For excellent reasons investigators are being held accountable for their use of public funds and their research productivity. This may be a good thing, but we have not yet got it right.
My doubts about evaluation as currently practiced are not intended to question the need for accountability in research. Evaluation methodologists working in research analysis often suggest that criticism does equate to irresponsibility. In an era when accountability is needed and demanded, this pretense serves as protection for short-sighted evaluation.
Let me illustrate with a story before elaborating further on this theme. Ten years ago, we embarked on a series of epidemiological studies on the hazards and health risks of firefighting that established our group's reputation as serious investigators. This is an issue of intrinsic importance, in cost, suffering, and need for prevention.
The study was difficult to do, overcame a number of obstacles, and introduced several innovations in analysis.

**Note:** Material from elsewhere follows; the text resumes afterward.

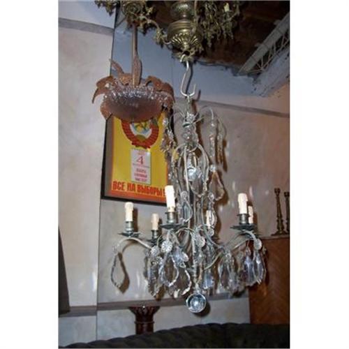 This is a French Bronze and Crystal Chandelier c.1940. It needs to be rewired. Its measurements are 31X21

There were also many interesting scientific aspects that made the problem a non-trivial exercise in methodology.
In the end, the line of investigation was a huge success. However, while we were engaged in it we were continually under siege.

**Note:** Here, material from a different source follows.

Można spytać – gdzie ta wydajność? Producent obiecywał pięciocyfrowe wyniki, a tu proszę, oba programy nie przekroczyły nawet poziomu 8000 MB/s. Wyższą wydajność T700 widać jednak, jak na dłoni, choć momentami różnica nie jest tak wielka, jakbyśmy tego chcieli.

Along the way we were evaluated at many levels and found wanting. The obvious drawback of peer review -- that qualified reviewers are almost always competitors -- was never so apparent in my experience.
Our failure to keep to an arbitrary timetable was construed as poor management, despite documentation that delays were beyond our control. Our study was considered a "negative" in the agency's own performance audit in the short term because no product was visible for a year or so for them to point to.
We were denounced by an MLA in the provincial legislature as an example of waste.
Our department chair at the time, an evaluation methodologist himself, evaluated our performance on a regular basis but ignored all activity related to the study until publication of the final product.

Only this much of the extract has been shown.